=== PROVIDED MATERIAL ===
== Segment start ==

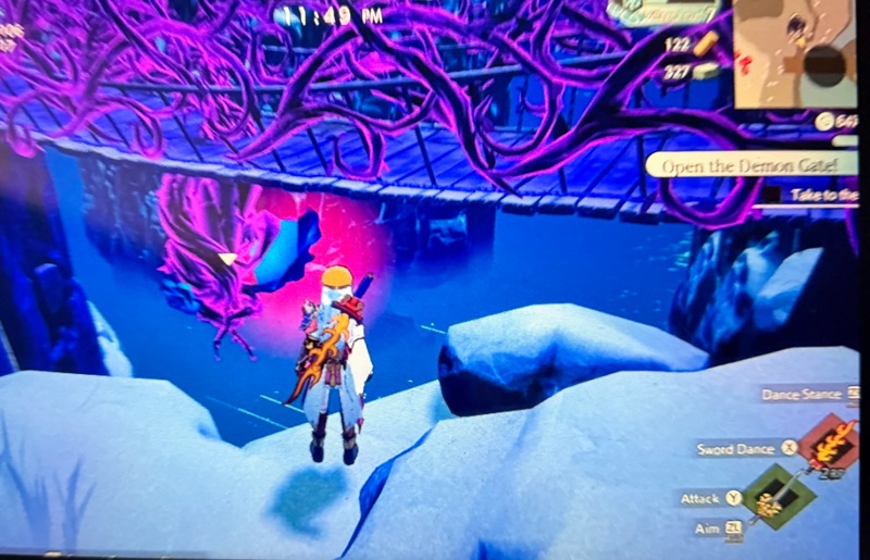 I drop down to face one more red blight and there is wateraze. He laughs and says he forgot to menrion that additional watering hole. We suspect the omission was deliberate but why? There is red blight I must clear to enter the vortex leading to the next area. A new save point to the left: to White Wolf Mountain.
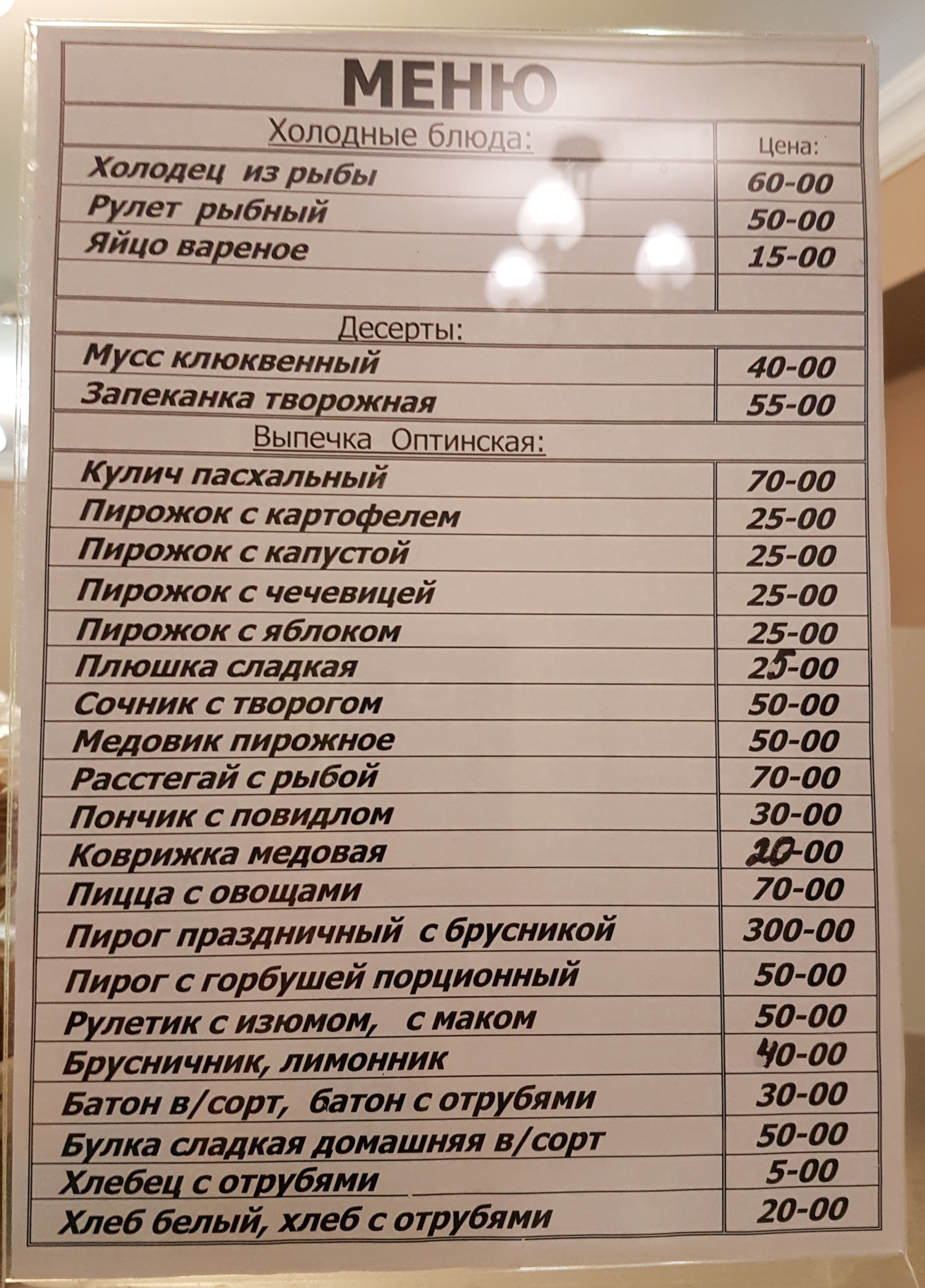 Меню "Чайной" - столовой самообслуживания.
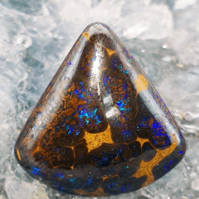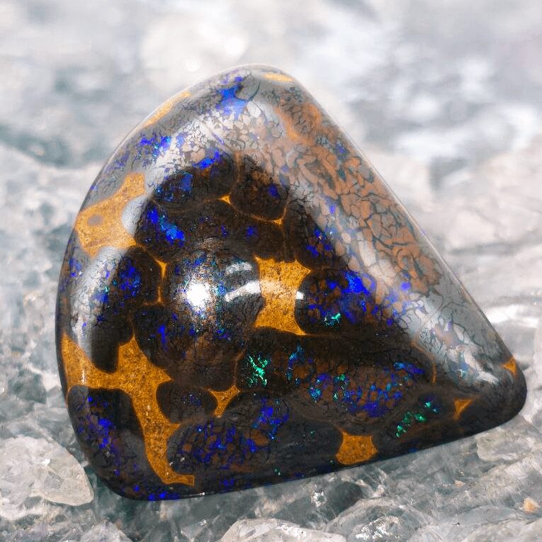 Kahilumora is a stone of twilight and depth—a 59.10 carat boulder opal carved by time from Queensland’s ancient ironstone. Its high dome holds a world of colour, where blues, greens, and purples shift like evening light across water, luminous yet serene. The freeform cut captures both the strength of its rugged host and the softness of its polished surface, a contrast that makes this opal feel alive in the hand. Kahilumora speaks of balance—the meeting of earth and sky, shadow and shimmer. It’s a reminder that in the quietest spaces, light still moves, and that what seems still can hold infinite depth.

== Segment end ==

=== BRIEF ===
Exact output of each line above is wanted, without the pictures.

=== RESULT OF THIS EXERCISE ===
 I drop down to face one more red blight and there is wateraze. He laughs and says he forgot to menrion that additional watering hole. We suspect the omission was deliberate but why? There is red blight I must clear to enter the vortex leading to the next area. A new save point to the left: to White Wolf Mountain.
 Меню "Чайной" - столовой самообслуживания.
 Kahilumora is a stone of twilight and depth—a 59.10 carat boulder opal carved by time from Queensland’s ancient ironstone. Its high dome holds a world of colour, where blues, greens, and purples shift like evening light across water, luminous yet serene. The freeform cut captures both the strength of its rugged host and the softness of its polished surface, a contrast that makes this opal feel alive in the hand. Kahilumora speaks of balance—the meeting of earth and sky, shadow and shimmer. It’s a reminder that in the quietest spaces, light still moves, and that what seems still can hold infinite depth.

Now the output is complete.